We know this because Huck and Quinn (that'd be Guillermo Diaz and Katie Lowes) told us that it is going to be "epic." And because that kind of thing goes down on Scandal every single week and those are just regular episodes (SPOILER ALERT! The V.P. killed her husband last week).
So grab a bottle of wine (or two or three, no judgment here as long as you're of age), some gourmet popcorn and play along with us. Can we get drunker than Mellie on a hooch bender? As Olivia herself would say, "It's handled."
Take A Sip:
Every time someone says B6-13.
Every time you can tell that Kerry Washington is pregnant, but is trying to hide it.
Every time Abby has a bitchy one-liner.
Every time Harrison talks too fast to understand (Can we get a transcript on that, please?)
Take Two Sips:
Every time Abby or David explicitly mention that they are boyfriend and girlfriend.

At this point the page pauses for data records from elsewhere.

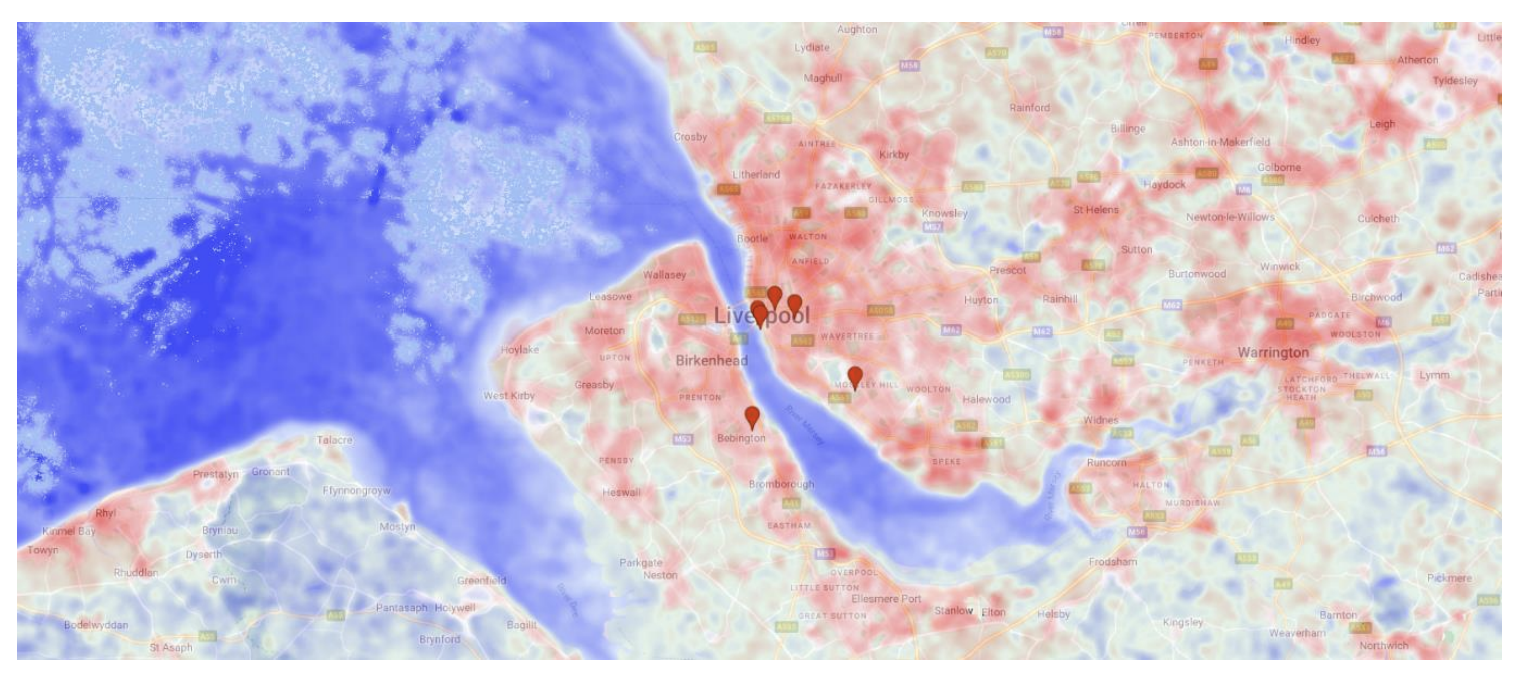 The waterfront sites — the Museum of Liverpool, the International Slavery Museum, and the Merseyside Maritime Museum — present the opposite picture: LST values of 25.86–26.97 °C and slightly negative UHI intensities. The Mersey is doing the work that vegetation does in greener cities.
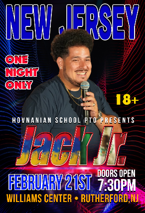 Get ready to laugh—Jack is Back! Hovnanian School PTO is thrilled to announce the return of Jack Jr. Comedy Night in 2026! Flying in all the way from California, Jack Jr. will take the stage alongside two hilarious opening acts, promising an evening packed with non-stop entertainment.
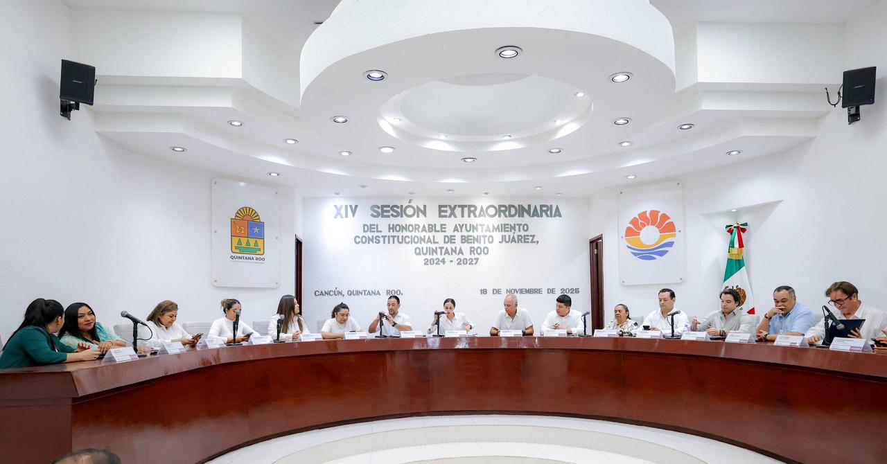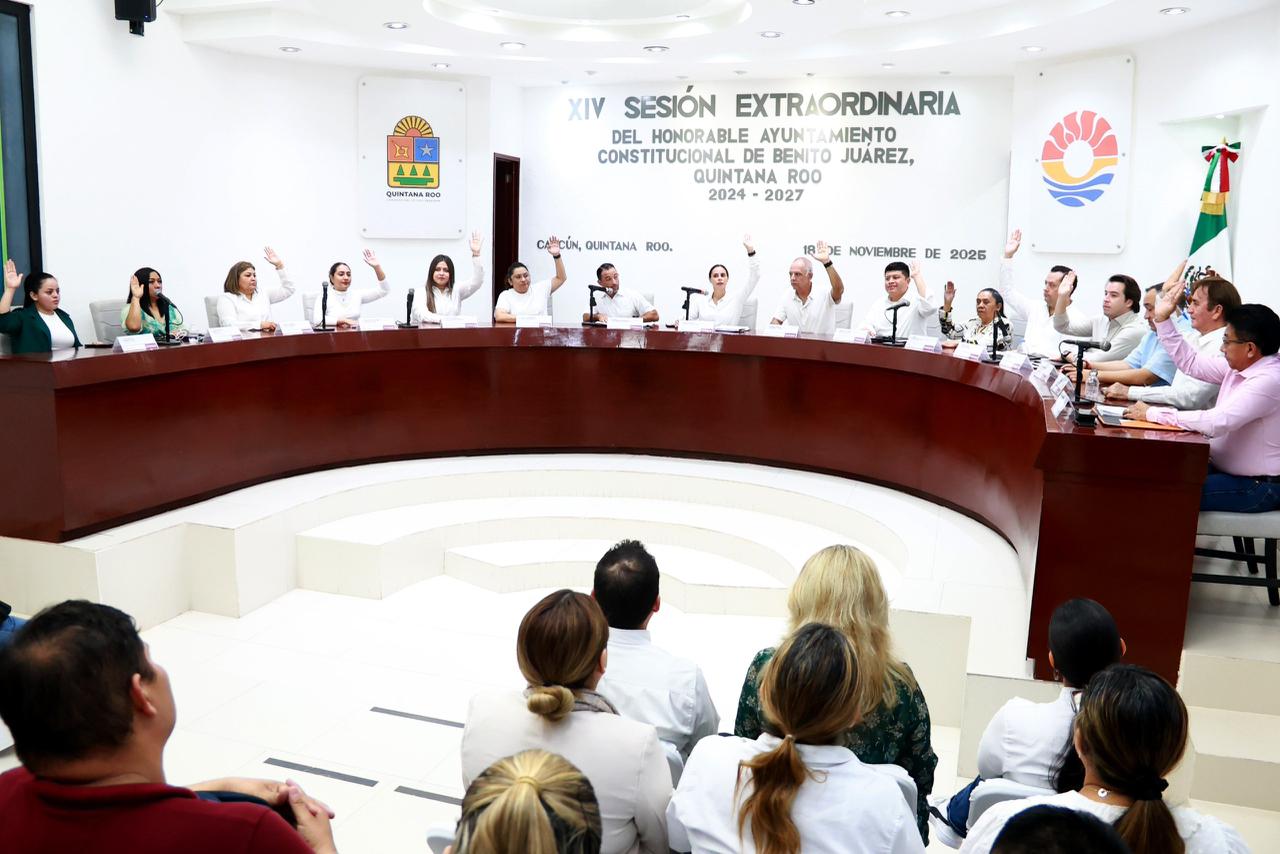 Cancún, Q. R., a 18 de noviembre de 2025.- En el marco de la Décima Cuarta Sesión Extraordinaria de Cabildo, la Presidenta Municipal, Ana Paty Peralta, junto al cuerpo colegiado, aprobó por mayoría de votos las iniciativas de Reforma a la Ley de Hacienda y la Ley de Ingresos del Municipio de Benito Juárez para el ejercicio fiscal 2026, que contempla esta última un incremento del 8.08% en comparación al 2025, sin crear nuevos impuestos y considerando la economía de las familias cancunenses.
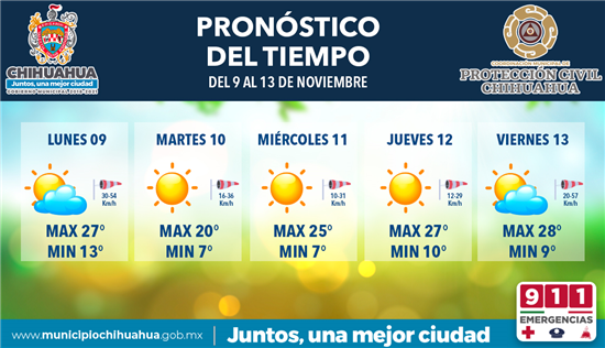El lunes será un día ventoso medio nublado, con temperatura máxima de 27 y mínima de 13 grados centígrados; martes y miércoles se espera que permanezcan mayormente soleados, con temperaturas máximas de 20 y 25 grados, respectivamente y mínimas de 7° C para ambos días; para el jueves se pronostica un día mayormente soleado y el termómetro llegará a los 27 grados y bajará a los 10; el viernes habrá nublados escasos, con vientos de hasta 57 kilómetros por hora y temperaturas respectivas de 28 y 9 grados Celsius.

Every time Sally Langston name drops the Father, the Son, the Holy Spirit, Jesus, God, etc.
Every time Fitz calls himself "The Leader of the Free World."
Every time James mentions his and Cyrus' baby.
Take Three Sips:
Every time you actually see James and Cyrus' baby.
Every time you have a déjà vu flashback to Alias (Irina Derevko = Marie Walice?)
Every time you ask, "What?"
Take a Shot:
Every time you scream, "WHAT?!" (It might help you understand better.)
Every time Olivia or Fitz says "hi" to each other.
Every time Olivia or Fitz talk about jam.
Every time you yell, "QUINN! YOU'RE SO STUPID!"
Every time a character goes on an extended monologue.
Every time there's a flashback with a bad wig, drink until the normal timeline resumes.
Every time you wish you had Olivia Pope's wardrobe, apartment or endless supply of wine. Drink until the outfit, the location or the amount of vino in the glass changes.
There's a killer cliffhanger. Basically, just chug whatever you have left at the end.
Scandal's mid-season finale airs tonight at 10 p.m. ET on ABC.